The other day, at the supermarket where I often shop, I recovered three coins from one of its two Coinstar machines. They were a Canadian 25-cent “Winter Para-olympics/Wheelchair Curling,” a 1964 “FDR” dime, and a 1999-D “Susan B. Anthony” dollar.
O.K., Lou, I got a coin higher denomination than your ’94 “JFK” half. Now, if you include foreign coins, over the past year I’ve culled out several “Toonies” ($2 dollar coins) from Canada and a $20 Jamaican coin, from a total of $28 in coins from Jamaica (somebody was on vacation).
Mint needs to cease its confusing announcements
The U.S. Mint made what can be considered by collectors as another about face today when it announced that it will issue 2012-S proof Eagles with a $5.00 Lincoln bill in a BEP special set.

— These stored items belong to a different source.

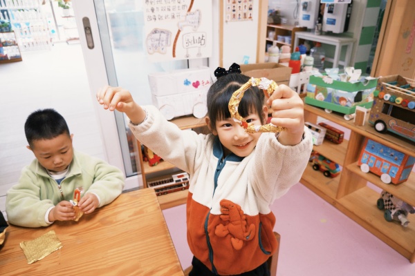 在总园,孩子们化身“小小设计师”,用金黄的扭扭棒扭出独一无二的“黄金手镯”,用彩纸折叠出朵朵小花。从充满爱意的“马赛克杯垫”到私人定制的“姓氏手链”,从植物拓印的雅致丝巾到童趣盎然的“花花手提包”,每一份礼物都藏着孩子们最纯真的告白。
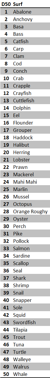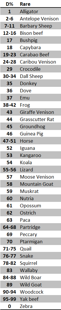 The true origin of these tables was in a document I use while stocking my random hex crawls. I call it “The Thesaurus”, and it began as just that – a thesaurus of color words so I didn’t have describe everything red as “red”. It soon expanded to land forms, people and then food and clothing. There are just too many excellent words out there not to attempt to use them all, you know. Having this little storehouse of knowledge, I came up with this as a way to present at least the edible part of it. You can use these tables to concoct strange fantasy recipes (either to serve players as guests, or to send players after on kingly quests) or just use them when trying to stock your own world’s and dungeons.
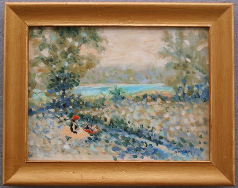 PIZZARELLI, (Italian, 20th C.): Figures in landscape, O/C, 10'' x 14'', SLR. Condition - Small fleck.

With this the Mint, for the second time in so many months, has used its prerogative to use misleading announcements.
I refer to the fact that in May the Mint announced an issuance limit of 2012-S circulation quality copper nickle ATB quarters. Later, the Mint retracted its prior announcement and announced that they would issue those quarters to demand.

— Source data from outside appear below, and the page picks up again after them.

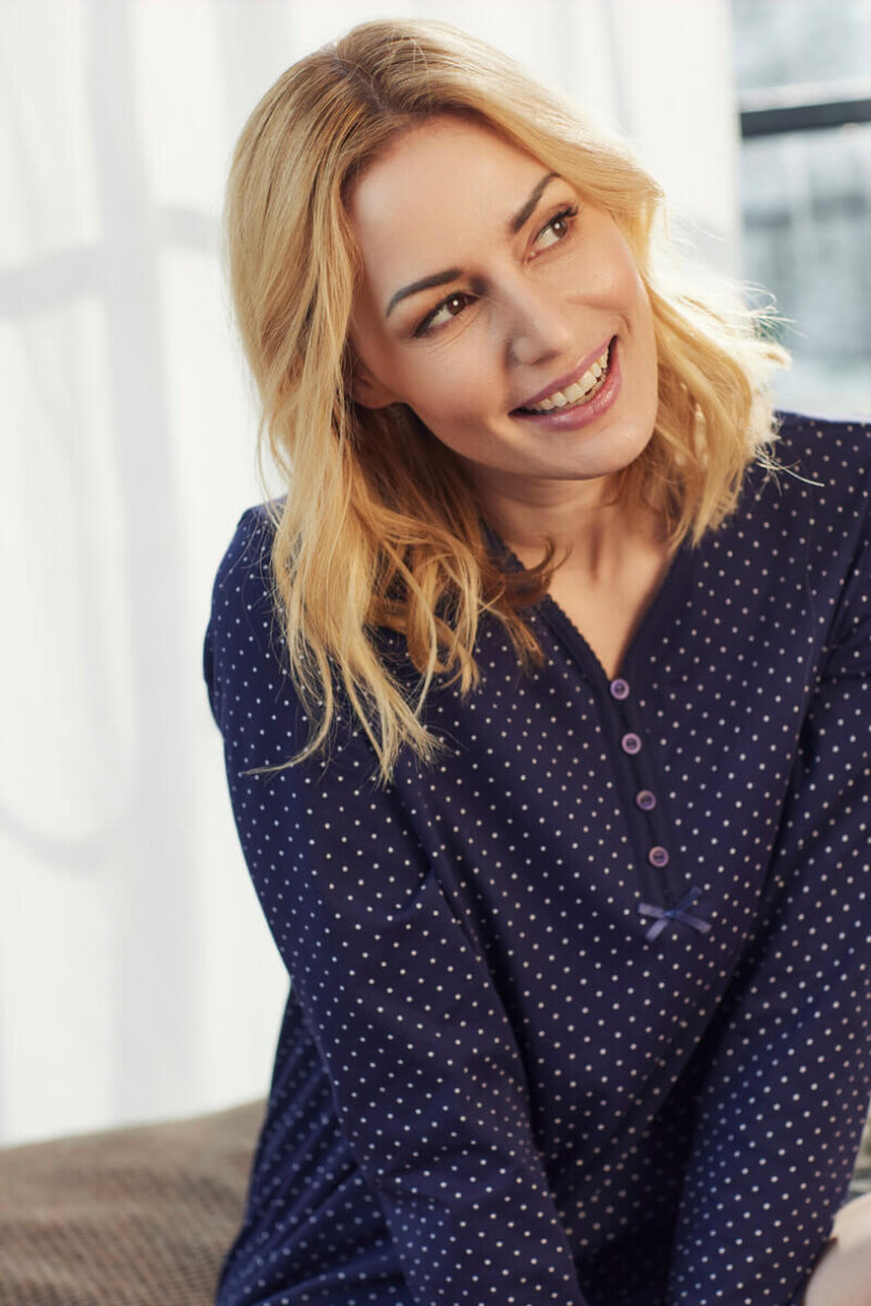 Brandtex natkjole i en flot marine blå farve og et fint hvid prikket design. Natkjolen er med v-halsudskæring, som fortsætter i knapper og stolpeluk, som afsluttes med en lille marine blå sløjfe.
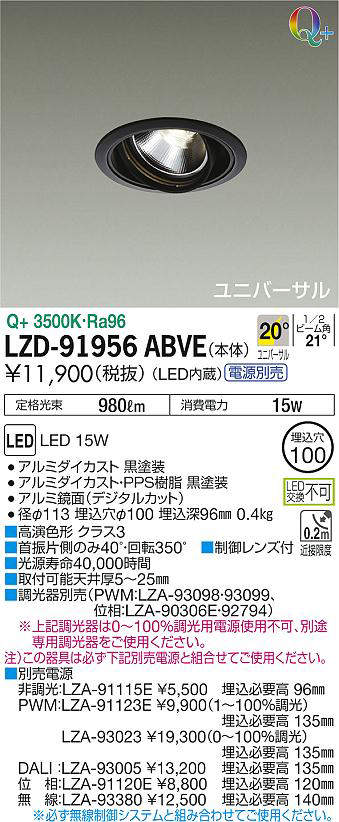 - LZD-91956ABVE+LZA-91123E 本体+PWM信号制御調光用電源 21800
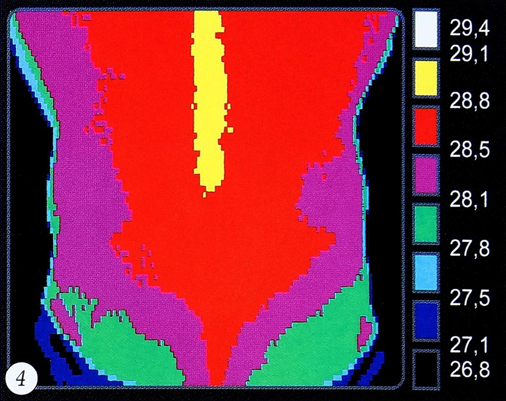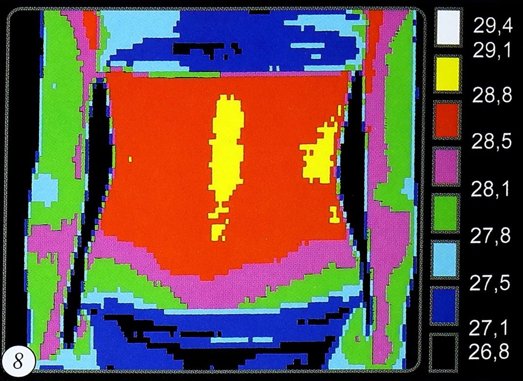 Как показали наши исследования, термография является неспецифическим методом диагностики. Различная вертебральная патология может давать однотипные термоизображения (например, термограммы поясничных зон при спондилолизе и остеохондрозе позвоночника, при патологии крестцово-остистых, крестцово-седалищной связок и остеохондрозе позвоночника). Кроме того, на результаты исследования влияют многие другие факторы, такие как локальный метаболизм, температура окружающей среды, потоотделение. В связи с этим термоасимметрия может наблюдаться и у здоровых людей. По нашим данным, термография имеет ограниченные возможности в диагностике состояния костно-суставных структур позвоночника, определении уровня повреждения корешка, выявлении грыжи межпозвонкового диска. Для этого необходимо использовать методы лучевой диагностики, клинико-неврологическое обследование. Данные термографии должны оцениваться только в комплексе с результатами этих исследований.
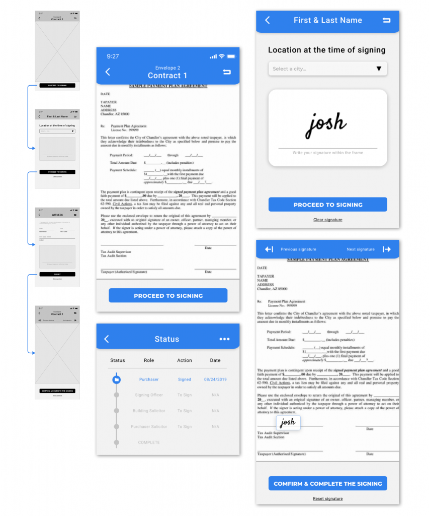 The flow: select home → create legal documents → user to sign → signing officers to sign → lawyers to sign → complete. All will be done in one app.
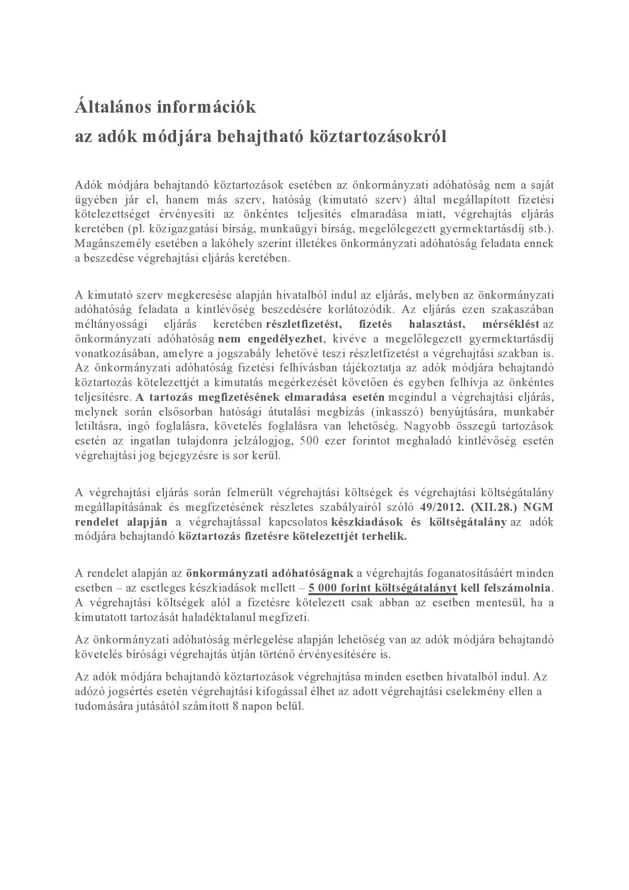 Adók módjára behajtandó köztartozásokról tájékoztató
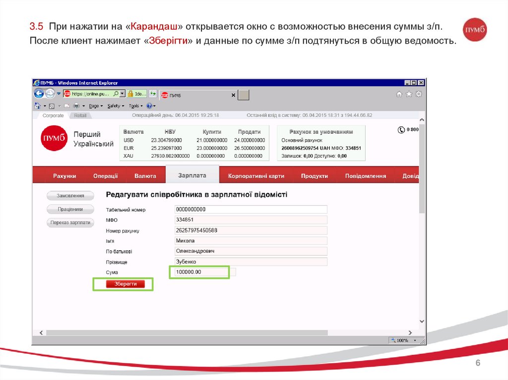 3.5 При нажатии на «Карандаш» открывается окно с возможностью внесения суммы з/п.После клиент нажимает «Зберігти» и данные по сумме з/п подтянуться в общую ведомость.
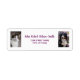 Snyggt personlig DIY-onlinens returadressetikett för en person (kan även anpassas för en familj), med stativ för två foton av din katt och hund (eller av dig och dina vänner) och med elegant för handskrift för ditt för- och efternamn eller för din familjs namn plus din (nya) adress i alla kapslar.
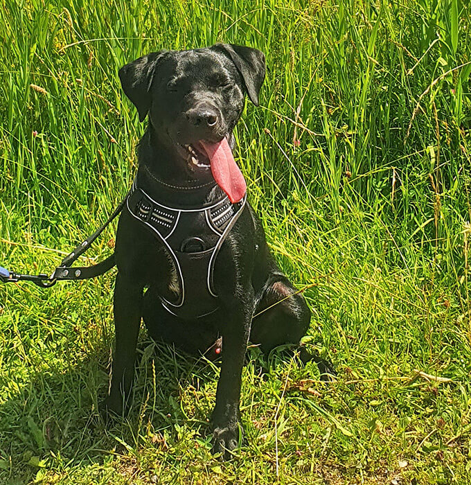 Er hört schon auf seinen Namen, das Futter schmeckt ihm. Spazierengehen funktioniert auch ganz gut.
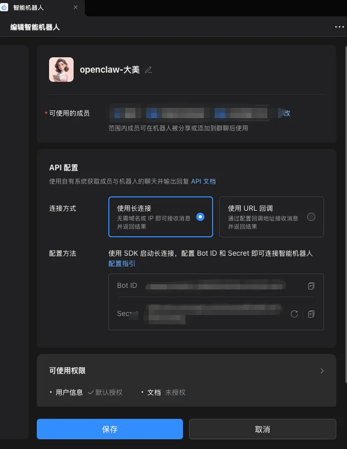 登录电脑端企业微信,进入「工作台」→「智能机器人」,点击「创建机器人」。 在配置页面选择「使用长连接」,然后点击「生成 Secret」。 系统会给你一个机器人 ID 和 Secret,复制保存,页面先别关(权限也可以打开哦,后面方便自动管理企微文档)。
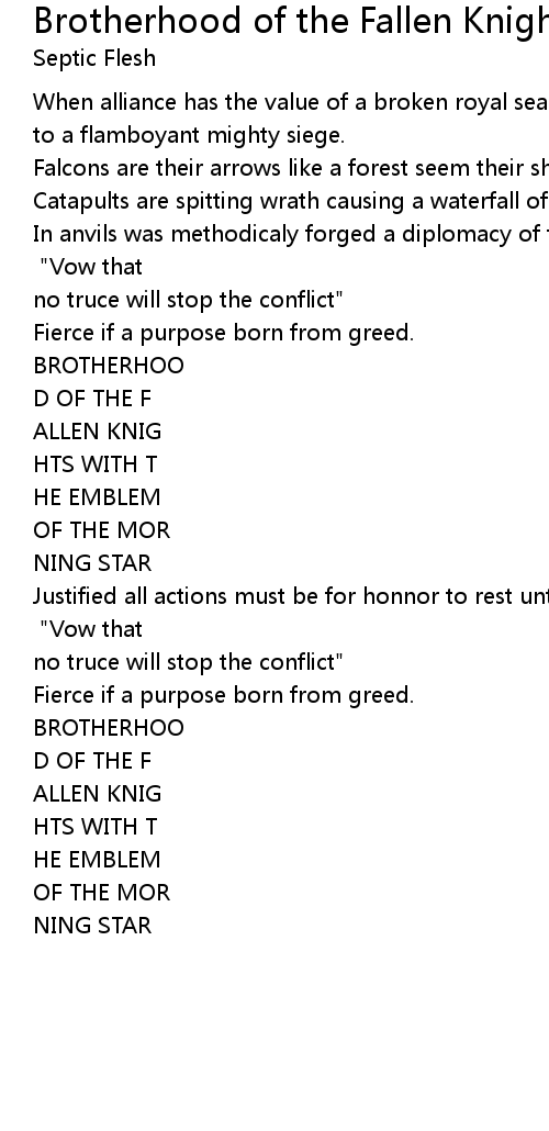 A plot has provided the rope to hang the bloody flag of war. [Chorus:] "Vow that no truce will stop the conflict"

Most recently, with the announcement of the issuance of 2012-S proof and reverse proof silver Eagles with the mintage limited to those ordered during the limited 28 day ordering period, after the ordering period expired they came up with a surprise announcement that collaborative effort with the BEP will result in the issuance of additional 2012-S proof Silver Eagles with no limit.
Although there will only be a maximum sale of 50,000 of the BEP sets, going on sale August 8, 2012. However, as of July 28, the BEP web site http://www.moneyfactorystore.gov/ makes no mention of this set.
What this means is that after all the final mintage of the 2012-S proof Eagle will be in the vicinity of 300,000 pieces and the 2012-S reverse proof Eagle at up to 50,000 less.
I believe that if a private company engaged in the same type of misleading disclosure they would be bombarded with law suits from various states’ Attorney Generals and that the Federal Trade Commission would take action.
For example, look at the record making fine just imposed against VISA and MasterCard for what was referred to as misleading trade practices. However, the Mint is exempt from such actions under the long-standing principal of sovereign immunity, or the “king can do no wrong.”
On the plus side, the BEP set gives those who missed out on the purchase of the 75th Anniversary “S” mintmarked Eagle set to have an opportunity to buy one of the up to 50,000 2012-S proof Eagles that they missed out of and get a limited issue $5.00 bill to boot.
The BEP set since it doesn’t include the reverse proof Eagle, will create a future rarity in the 2012-S reverse proof Eagle, since it will be the lowest mintage 2012 silver Eagle.
What the Mint and the BEP’s motives were in issuing this set is unknown. Perhaps just a coincidence associated with the 150th anniversary of the BEP.
However, rest assured that the consumer is not naive nor are they unable to read or understand misleading announcements. It brings to mind the recent Supreme Court ruling on health care, the administration said it wasn’t a tax and the Supreme Court saying it was a tax and therefore legal.
For those who want to stand behind their principals and send a message to the Mint, take advantage of the Mint’s cancellation policy, after all it isn’t delivering the 2012-S anniversary sets until later this year, when, however, is anyone’s guess.
William H. Brownstein
Santa Monica, Calif.
Great circulation finds at local Tennessee bank
I’m writing to report two interesting circulation finds that might interest you.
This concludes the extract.